**Data section**.
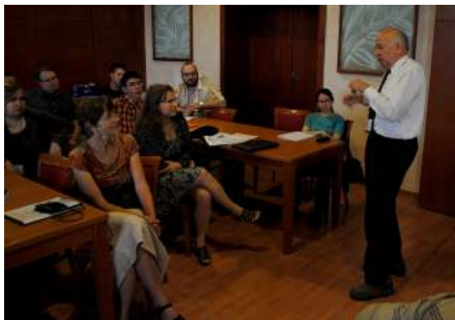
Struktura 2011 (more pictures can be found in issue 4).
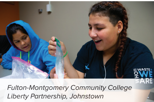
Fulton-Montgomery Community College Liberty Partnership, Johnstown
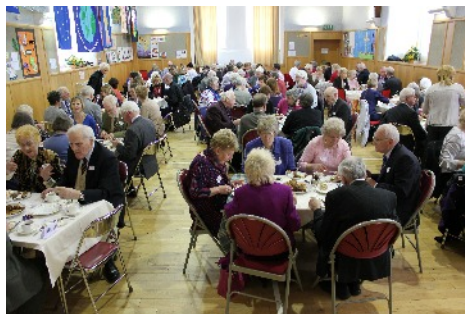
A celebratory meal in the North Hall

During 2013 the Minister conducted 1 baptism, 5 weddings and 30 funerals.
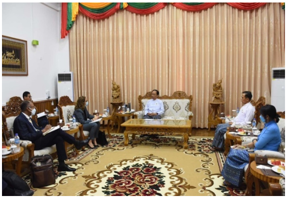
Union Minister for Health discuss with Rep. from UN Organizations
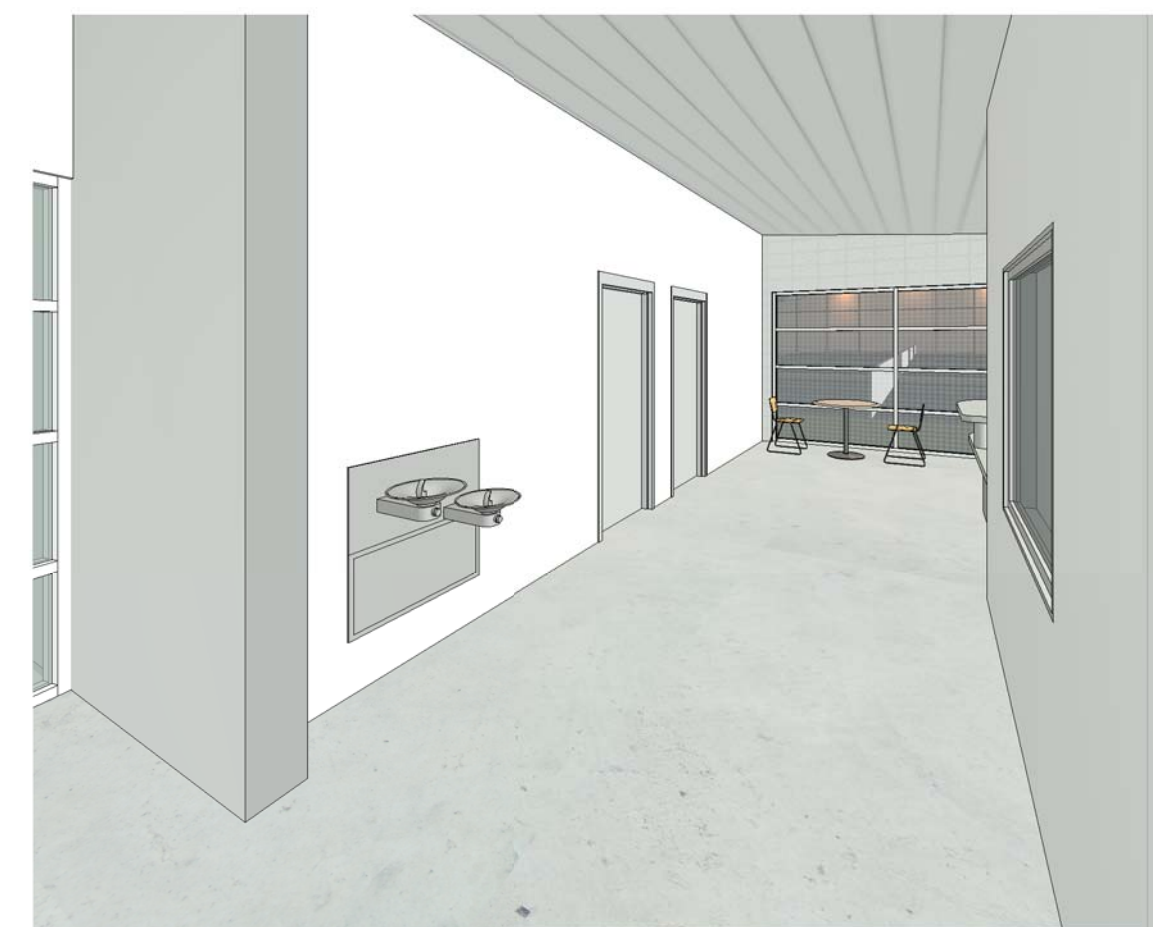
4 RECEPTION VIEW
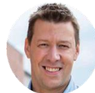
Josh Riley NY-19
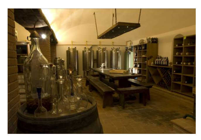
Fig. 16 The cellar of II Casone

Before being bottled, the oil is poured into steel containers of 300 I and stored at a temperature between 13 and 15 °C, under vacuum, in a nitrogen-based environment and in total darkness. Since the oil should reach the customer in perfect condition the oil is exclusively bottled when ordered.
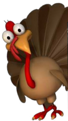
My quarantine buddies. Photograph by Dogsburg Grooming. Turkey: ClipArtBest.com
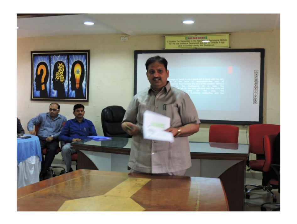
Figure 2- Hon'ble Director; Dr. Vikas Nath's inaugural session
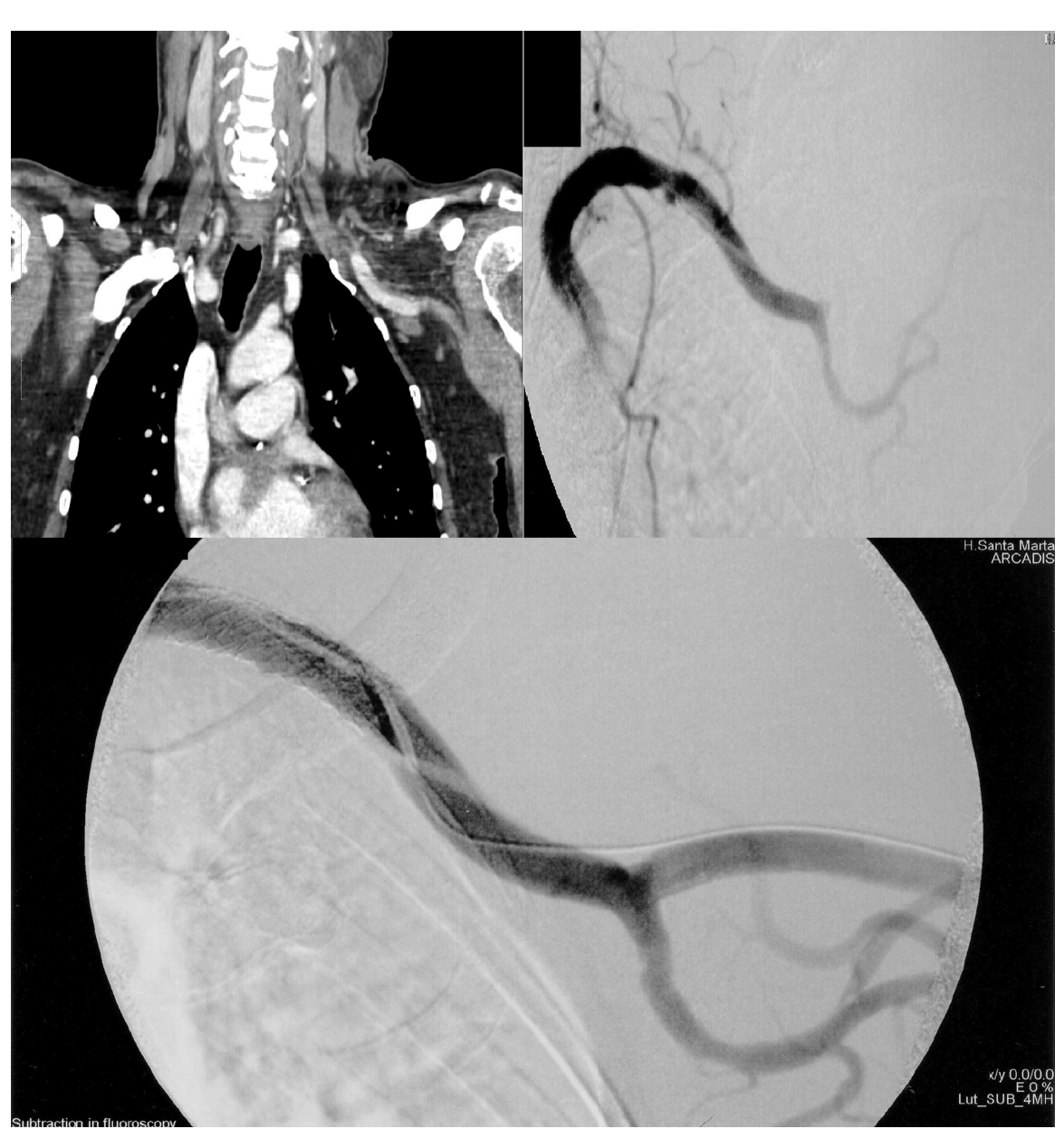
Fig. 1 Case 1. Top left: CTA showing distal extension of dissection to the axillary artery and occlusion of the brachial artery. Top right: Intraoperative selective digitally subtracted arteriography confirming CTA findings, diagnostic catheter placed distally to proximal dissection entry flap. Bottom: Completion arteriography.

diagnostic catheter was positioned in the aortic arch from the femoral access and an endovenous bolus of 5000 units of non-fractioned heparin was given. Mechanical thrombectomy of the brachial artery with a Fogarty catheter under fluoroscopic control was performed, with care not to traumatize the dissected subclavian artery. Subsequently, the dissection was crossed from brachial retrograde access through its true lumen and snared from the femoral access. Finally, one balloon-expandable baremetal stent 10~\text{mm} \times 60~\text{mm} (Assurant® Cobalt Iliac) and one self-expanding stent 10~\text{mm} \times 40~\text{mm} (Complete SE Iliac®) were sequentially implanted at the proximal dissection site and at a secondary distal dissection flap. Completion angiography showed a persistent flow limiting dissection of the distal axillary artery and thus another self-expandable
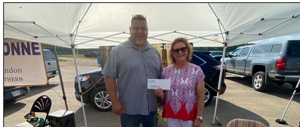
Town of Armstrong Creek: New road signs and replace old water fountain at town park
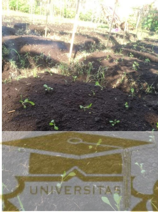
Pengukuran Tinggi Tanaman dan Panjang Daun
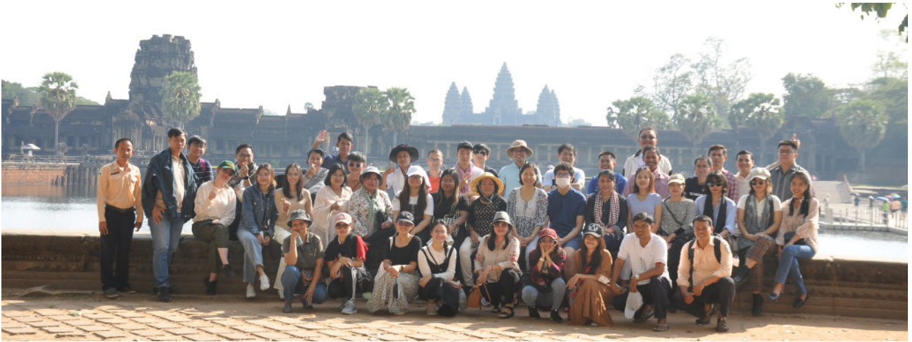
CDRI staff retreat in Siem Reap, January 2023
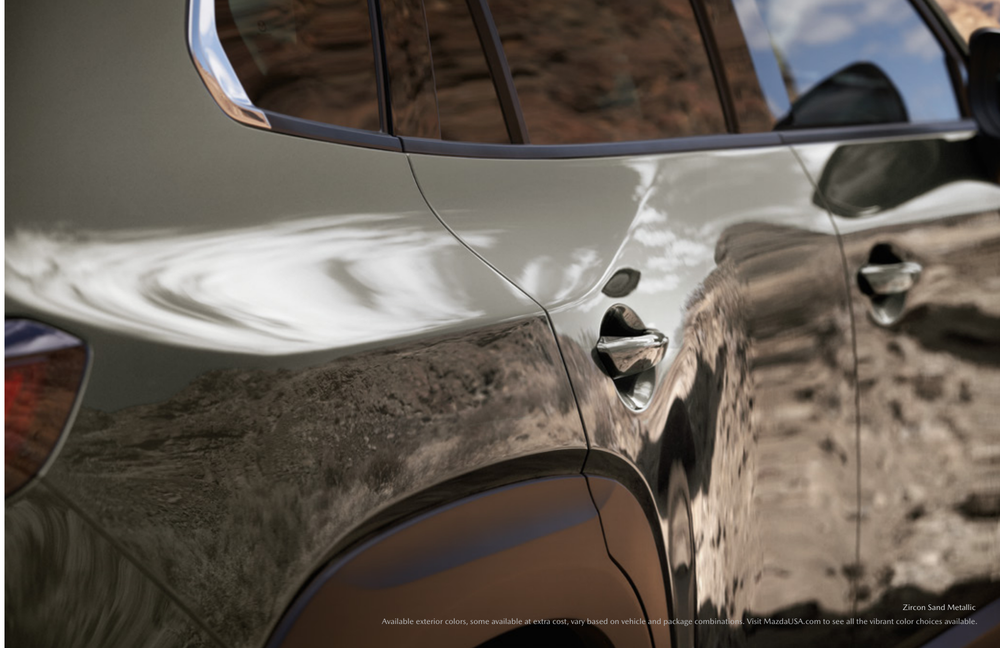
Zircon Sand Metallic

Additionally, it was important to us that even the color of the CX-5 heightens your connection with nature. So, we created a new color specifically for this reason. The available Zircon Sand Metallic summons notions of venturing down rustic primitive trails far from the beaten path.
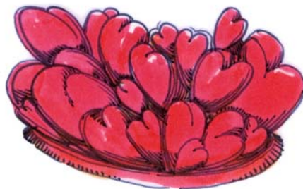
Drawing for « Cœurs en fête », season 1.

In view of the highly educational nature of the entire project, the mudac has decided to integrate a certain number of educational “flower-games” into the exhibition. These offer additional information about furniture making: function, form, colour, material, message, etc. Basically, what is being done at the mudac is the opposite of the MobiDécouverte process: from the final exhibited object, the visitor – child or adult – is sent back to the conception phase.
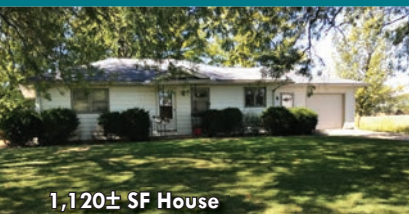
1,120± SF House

**Directions for this task**. Would you copy out, exactly and with no pictures, only the lines above from the one that contains "Before being bottled, the" through the one that contains "Fig. 1 Case"?

**Result**.
Before being bottled, the oil is poured into steel containers of 300 I and stored at a temperature between 13 and 15 °C, under vacuum, in a nitrogen-based environment and in total darkness. Since the oil should reach the customer in perfect condition the oil is exclusively bottled when ordered.
My quarantine buddies. Photograph by Dogsburg Grooming. Turkey: ClipArtBest.com
Figure 2- Hon'ble Director; Dr. Vikas Nath's inaugural session
Fig. 1 Case 1. Top left: CTA showing distal extension of dissection to the axillary artery and occlusion of the brachial artery. Top right: Intraoperative selective digitally subtracted arteriography confirming CTA findings, diagnostic catheter placed distally to proximal dissection entry flap. Bottom: Completion arteriography.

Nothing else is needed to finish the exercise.